Gegen wen richtet sich der Anspruch?
Das Montrealer Übereinkommen gilt sowohl für vertragliche wie ausführende Luftfrachtführer. Beide haften als Gesamtschuldner. Das heißt, Reisende haben die Wahl, gegen wen sie einen Schadenersatzanspruch geltend machen. Dies wirkt sich zum Beispiel beim „Code-Sharing“ aus: Buchen Passagiere einen Flug bei der Fluggesellschaft A, wird der Flug aber durch die Fluggesellschaft B durchgeführt, können sich die Fluggäste bei Gepäckschäden aussuchen, ob sie den Schaden von A oder B ersetzt verlangen. Auch für eine Pauschalreise ist die Unterscheidung von Bedeutung. Der Reiseveranstalter ist nach dem Montrealer Übereinkommen vertraglicher und das von ihm mit der Durchführung des Flugs beauftragte Luftfahrtunternehmen ausführender Luftfrachtführer. Auch hier haben Passagiere das Recht zu wählen, gegen wen sie vorgehen. Ein Kriterium kann dabei sein, gegen welches der in Frage kommenden Unternehmen sich ein Anspruch erfahrungsgemäß eher durchsetzen lässt. Bei der Prüfung von Ansprüchen durch die Flugärger-App erfolgt gegebenenfalls eine Auswahl aus Sicht von Verbraucher:innen mit Wohnsitz in Deutschland. Im Zweifel sollten Sie sich dazu beraten lassen.

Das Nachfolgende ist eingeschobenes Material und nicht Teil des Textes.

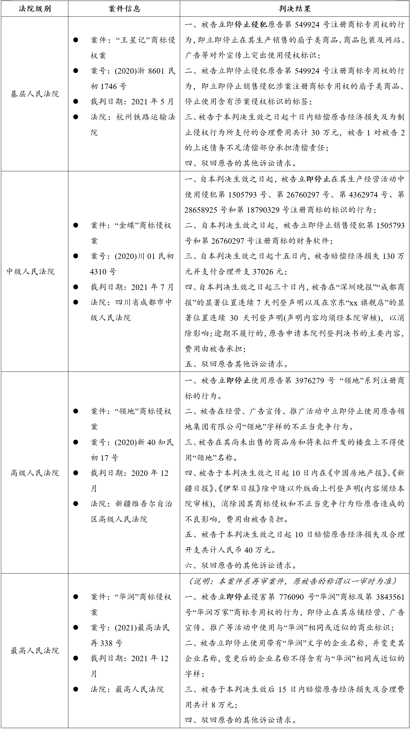 • 在“伟匠”商标侵权案件中(案号:2023沪0115民初65439号),上海市浦东新区人民法院院判决:被告xx公司于本判决生效之日起立即停止侵害第35178290号、第27261472号、第25103779号注册商标的行为;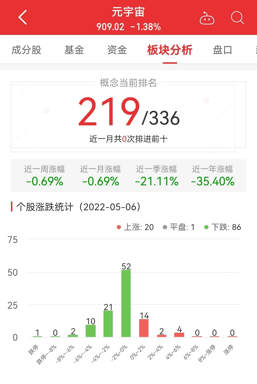 中国经济网北京5月6日讯 今日,元宇宙板块整体涨幅-1.38%,其中20只股票上涨,1只股票平盘,86只股票下跌。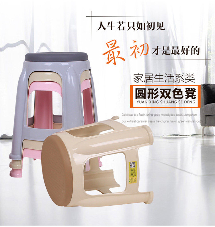 圆形塑料凳子 家居成人双色椅子 创意板凳 杌子 凳子 塑料凳 凳椅 - 润发源百货
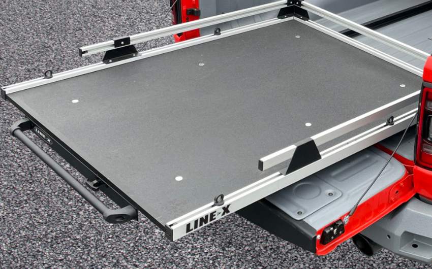 If you’re tired of crawling around the bed of your truck to access your cargo, the LINE-X Sliding Cargo Deck is your answer. This deck extends up to 70% out the back of your bed allowing access to your tools, equipment, gear, or any other cargo from beside the tailgate.
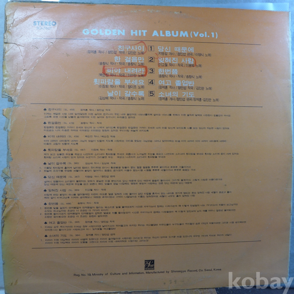 | 자켓상태 | P : 물에 젖거나 심한 훼손 | 음반상태 | EX : 재생에 영향 없는 가벼운 기스 존재 | 발매정보 | 초반 | 가사지여부 | 무 |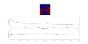 TASK: complete the functions energy() and magnetisation(), which should return the energy of the lattice and the total magnetisation, respectively. In the energy() function you may assume that at all times (in fact, we are working in reduced units in which , but there will be more information about this in later sections). Do not worry about the efficiency of the code at the moment — we will address the speed in a later part of the experiment.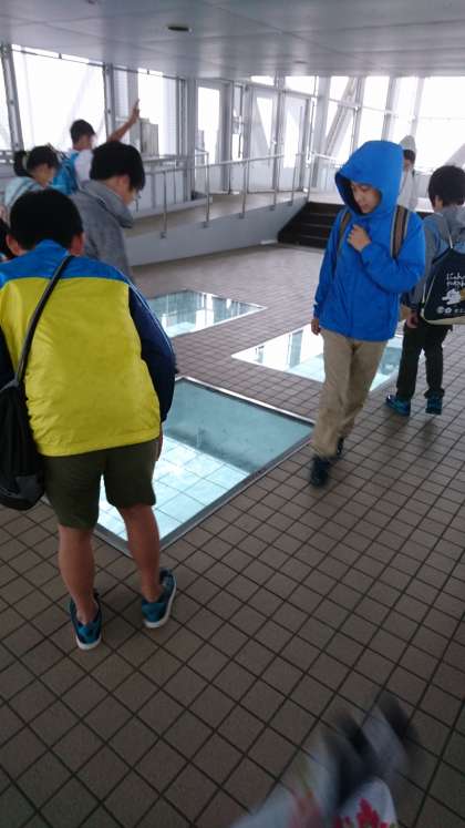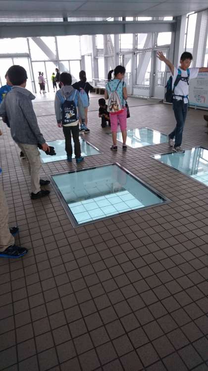 渦の道に出かけた様子です。たかーい。こわいけど、すごい。強い風も思い出です。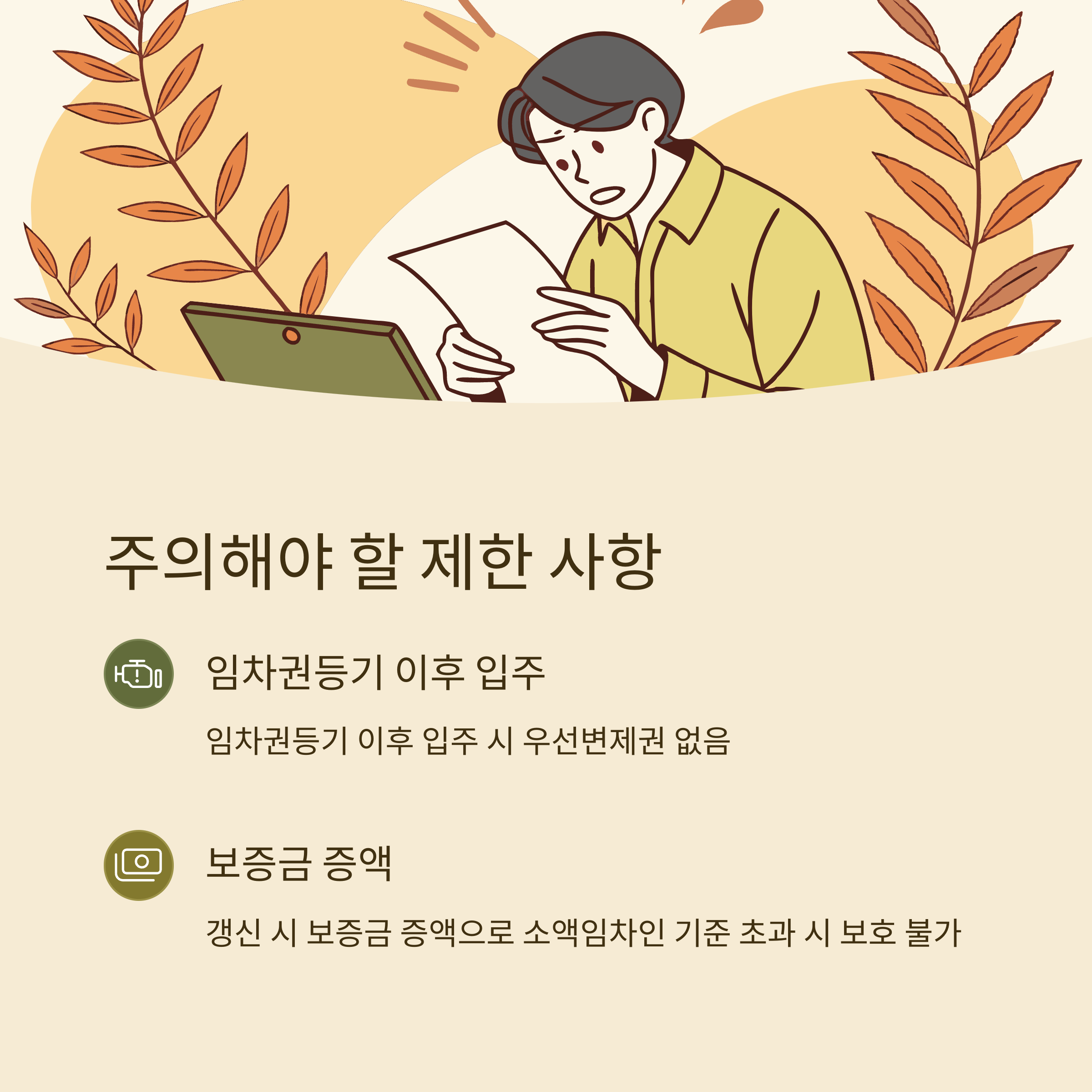 - 보증금 증액 시: 처음 임대차계약을 체결할 때에는 소액임차인에 해당되었지만, 그 후 계약을 갱신하는 과정에서 보증금이 증액되어 소액임차인에 해당하지 않는 경우에는 우선변제권을 행사할 수 없습니다.

Obergrenze für Schadenersatz
Die im Montrealer Übereinkommen festgelegten Haftungshöchstgrenzen sind in Sonderziehungsrechten (SZR oder englisch „Special Drawing Right“, SDR) angegeben, etwa für Gepäckschäden 1131 SZR je Reisenden. Ein Sonderziehungsrecht ist eine vom Internationalen Währungsfonds eingeführte künstliche Währungseinheit, die nicht auf den Devisenmärkten gehandelt wird. Der Wert eines Sonderziehungsrechts wird vom internationalen Währungsfonds tagesaktuell ermittelt und veröffentlicht. Im Fall einer gerichtlichen Entscheidung über zu leistenden Schadenersatz ist das Sonderziehungsrecht zu dem im Zeitpunkt der Entscheidung maßgeblichen Kurs in Euro umzurechnen. Für Schadenersatzleistungen außerhalb gerichtlicher Verfahren kommt es auf den Kurswert zur Zeit der Zahlung an. Ein Beispiel: Am 17.12.2021 entsprach ein SZR aufgerundet 1,24 Euro – die Höchstgrenze dessen, was man als geschädigter Passagier an Schadenersatz zu erwarten hätte, wären demnach zu diesem Zeitpunkt rund 1.400 Euro gewesen.